Information given section start
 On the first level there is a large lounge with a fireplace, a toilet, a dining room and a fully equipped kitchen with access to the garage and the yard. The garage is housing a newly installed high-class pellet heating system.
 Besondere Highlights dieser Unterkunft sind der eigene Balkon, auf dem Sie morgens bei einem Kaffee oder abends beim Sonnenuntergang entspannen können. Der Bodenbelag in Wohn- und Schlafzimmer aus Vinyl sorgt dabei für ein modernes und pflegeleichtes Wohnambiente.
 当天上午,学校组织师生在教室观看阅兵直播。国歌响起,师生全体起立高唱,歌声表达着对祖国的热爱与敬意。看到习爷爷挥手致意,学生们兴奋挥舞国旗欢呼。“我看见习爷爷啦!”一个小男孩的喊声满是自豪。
Information given section end
Information given section start
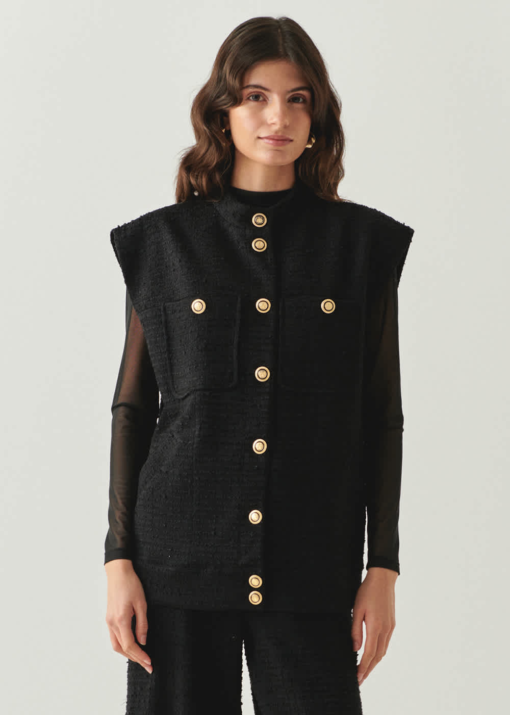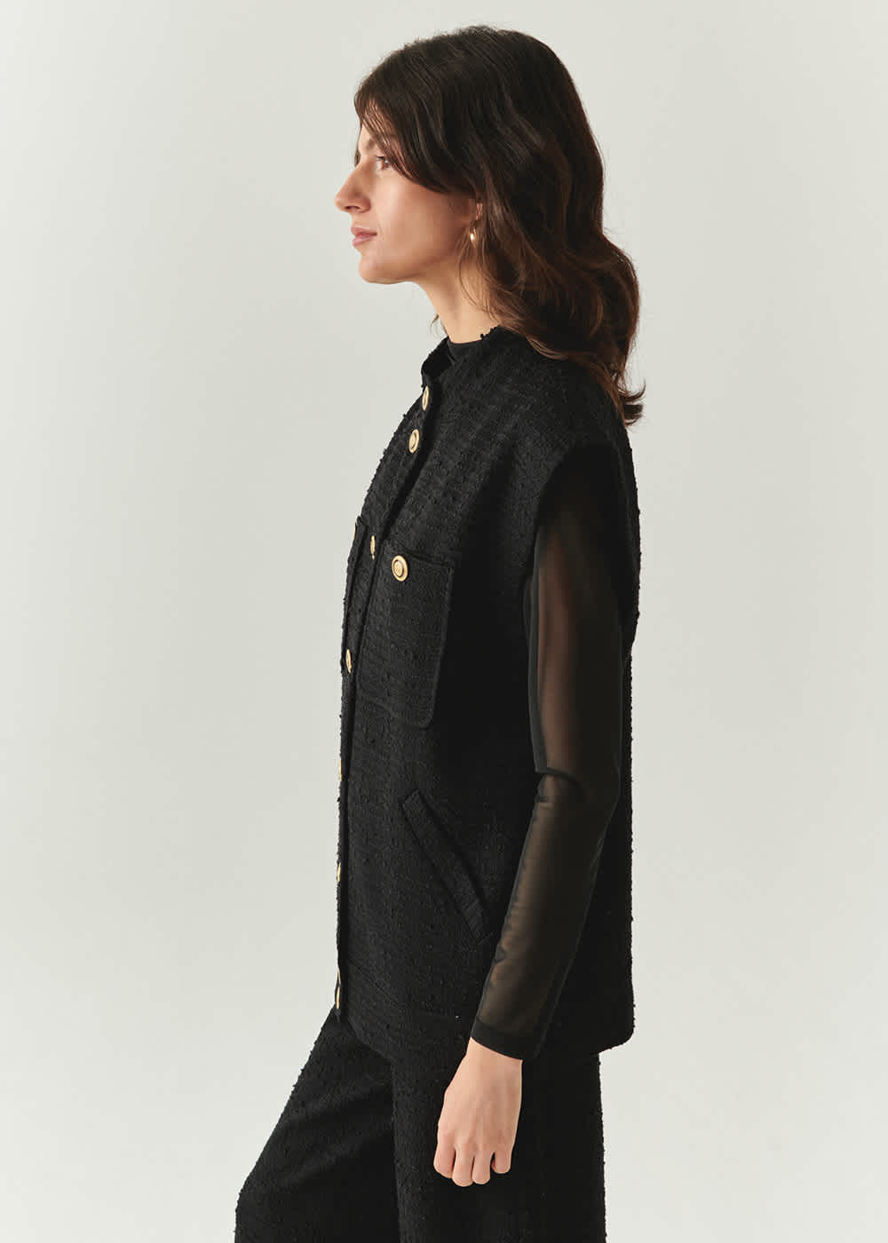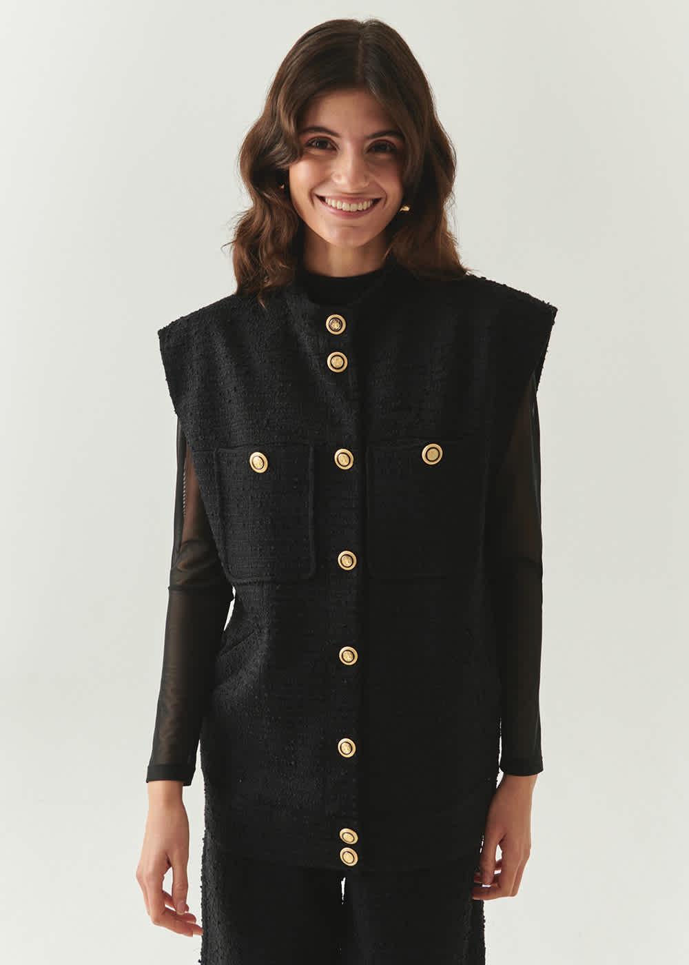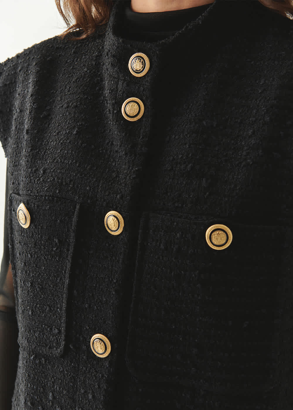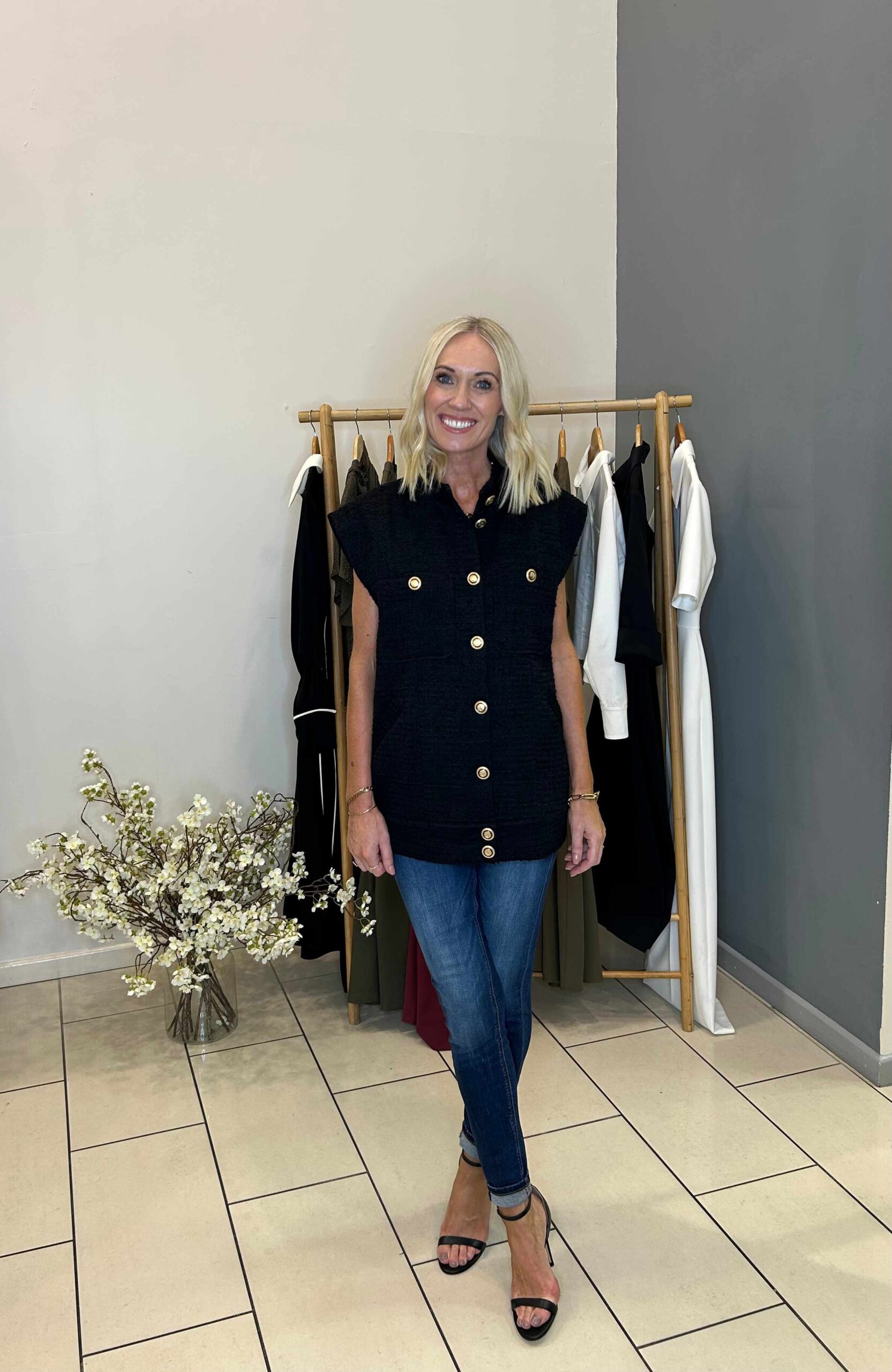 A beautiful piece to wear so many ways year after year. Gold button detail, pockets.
Information given section end
Information given section start
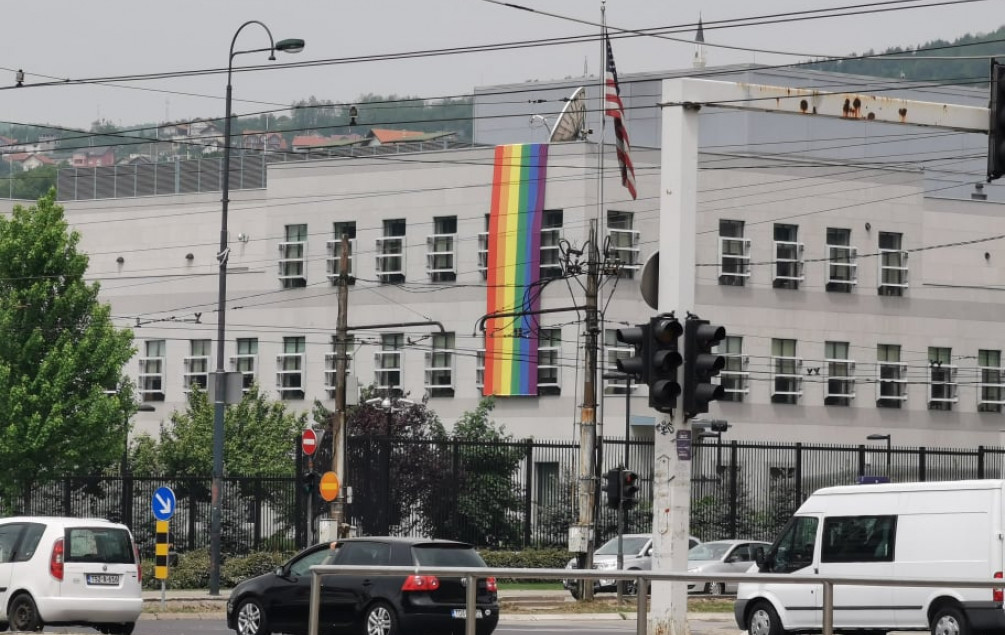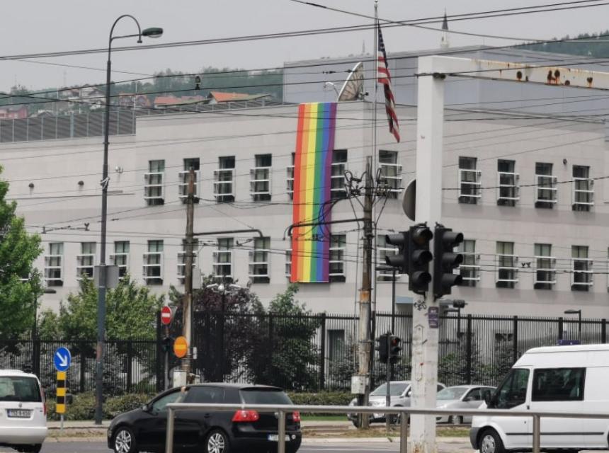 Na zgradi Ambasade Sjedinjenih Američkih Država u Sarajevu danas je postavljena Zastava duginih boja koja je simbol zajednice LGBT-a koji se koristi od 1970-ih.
Information given section end
*The problem*.
Your answer should consist only of the lines above between the line holding "On the first" and the line holding "当天上午,学校组织师生在教室", inclusive, each transcribed exactly.

*Response*.
 On the first level there is a large lounge with a fireplace, a toilet, a dining room and a fully equipped kitchen with access to the garage and the yard. The garage is housing a newly installed high-class pellet heating system.
 Besondere Highlights dieser Unterkunft sind der eigene Balkon, auf dem Sie morgens bei einem Kaffee oder abends beim Sonnenuntergang entspannen können. Der Bodenbelag in Wohn- und Schlafzimmer aus Vinyl sorgt dabei für ein modernes und pflegeleichtes Wohnambiente.
 当天上午,学校组织师生在教室观看阅兵直播。国歌响起,师生全体起立高唱,歌声表达着对祖国的热爱与敬意。看到习爷爷挥手致意,学生们兴奋挥舞国旗欢呼。“我看见习爷爷啦!”一个小男孩的喊声满是自豪。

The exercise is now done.